Getting the start of HTML pages right
We will begin at the start, which seems the logical place to start. Let's consider the opening elements of an HTML page and ensure we fully understand all the essential component parts.
Like so many things with the web, remembering the exact syntax of each thing inside the head
section is not particularly important. Understanding what each thing is for is important, however. I generally copy and paste the opening code each time, or have it saved in a text snippet, and I would recommend you do too.
The first few lines of an HTML page should look something like this:
<!DOCTYPE html>
<html lang="en">
<head>
<meta charset="utf-8" />
The doctype
So, what do we actually have there? First of all, we opened our document with the HTML5 Doctype declaration:
<!DOCTYPE html>
If you're a fan of lowercase, then <!doctype html>
is just as good.
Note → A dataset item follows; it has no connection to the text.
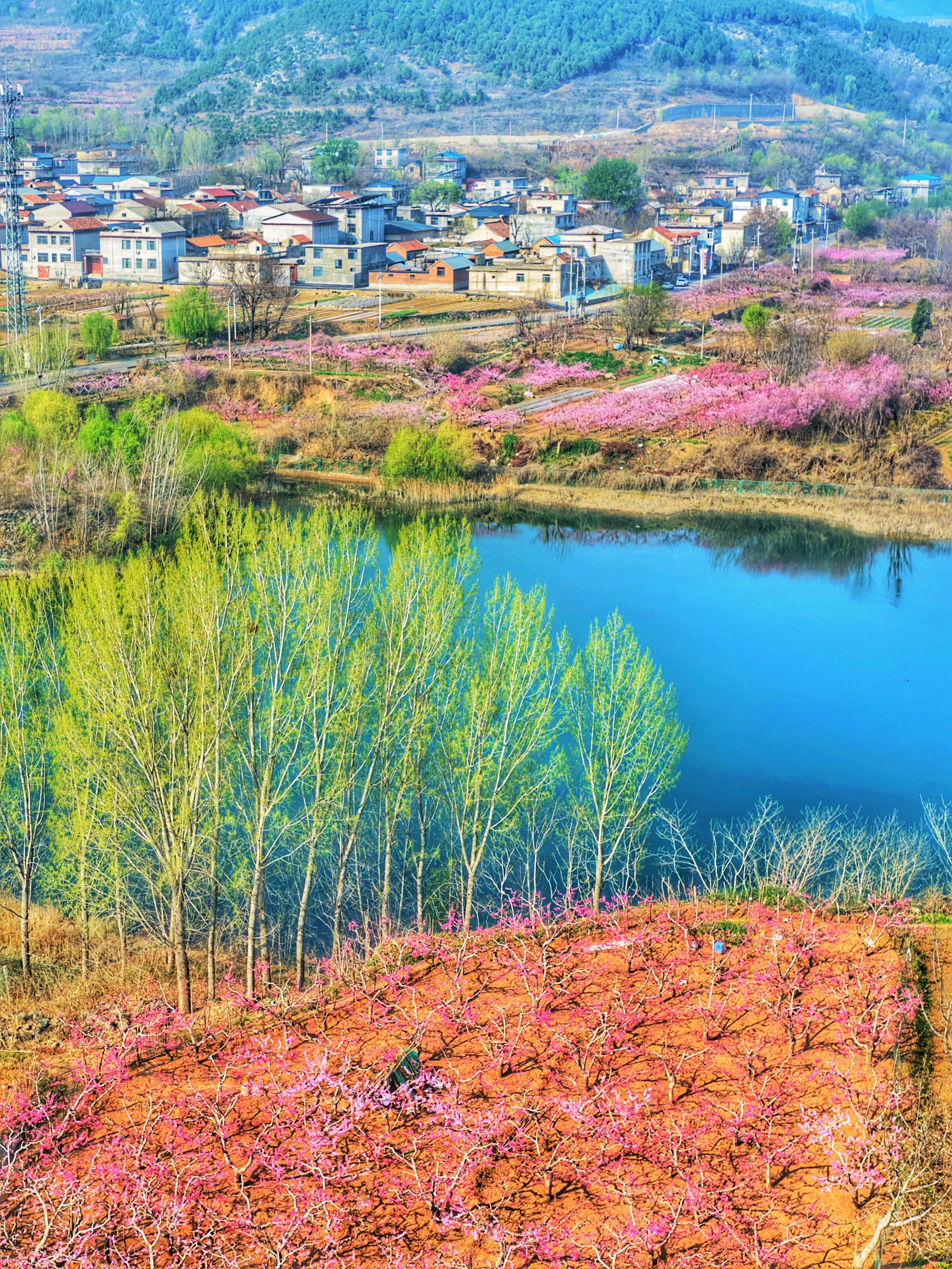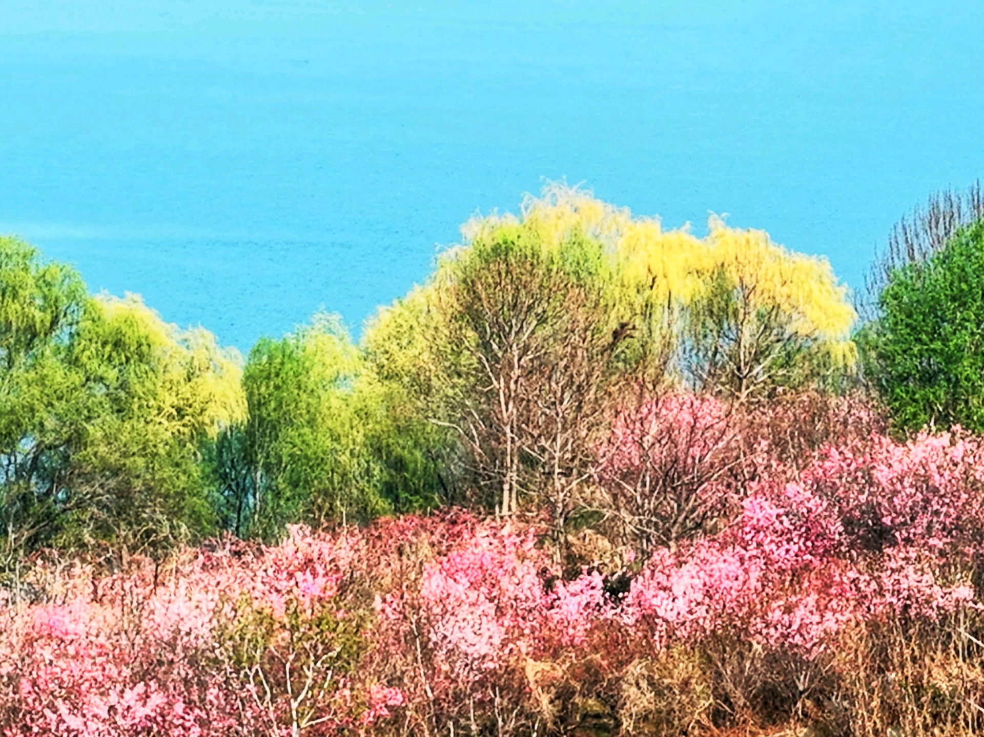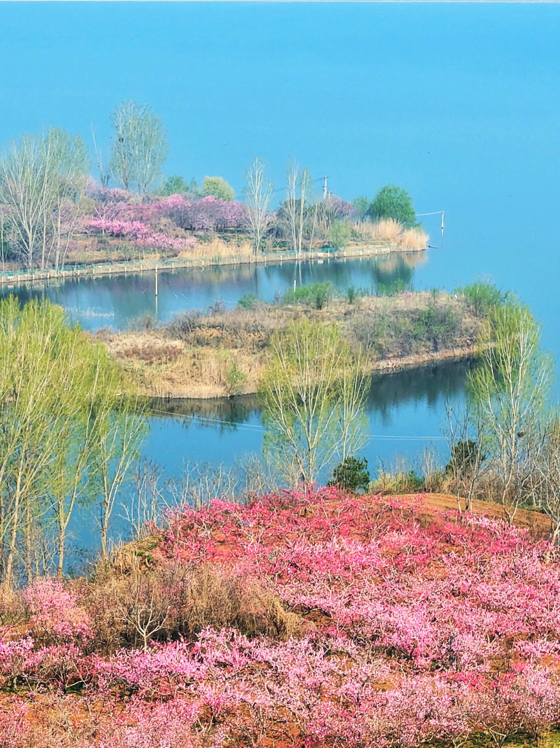 春风漫过济南的山野,把一湖碧水染成澄澈的蓝,把漫山桃林晕成粉霞的海。柳丝抽新绿,繁花缀枝头,远山含黛,村落安然。每一缕风都裹着花香,每一眼望都是春日限定的浪漫,这是泉城独有的、温柔又热烈的人间四月天。 ——拍摄于卧虎山水库

It makes no difference.
The html tag and lang attribute
After the Doctype declaration, we open the html
tag; the first and therefore root tag for our document. We also use the lang
attribute to specify the language for the document, and then we open the <head>
section:
<html lang="en">
<head>
Specifying alternate languages
According to the W3C specifications (http://www.w3.org/TR/html5/dom.html#the-lang-and-xml:lang-attributes), the lang
attribute specifies the primary language for the element's contents and for any of the element's attributes that contain text. You can imagine how useful this will be to assistive technology such as screen readers. If you're not writing pages in English, you'd best specify the correct language code. For example, for Japanese, the HTML tag would be <html lang="ja">
.
For a full list of languages, take a look at http://www.iana.org/assignments/language-subtag-registry.
Character encoding
Finally, we specify the character encoding, which in simple terms tells the browser how to parse the information contained within. As the meta
tag is a void element, it doesn't require a closing tag:
<meta charset="utf-8" />
Unless you have a good reason to specify otherwise, the value for the charset is always utf-8
.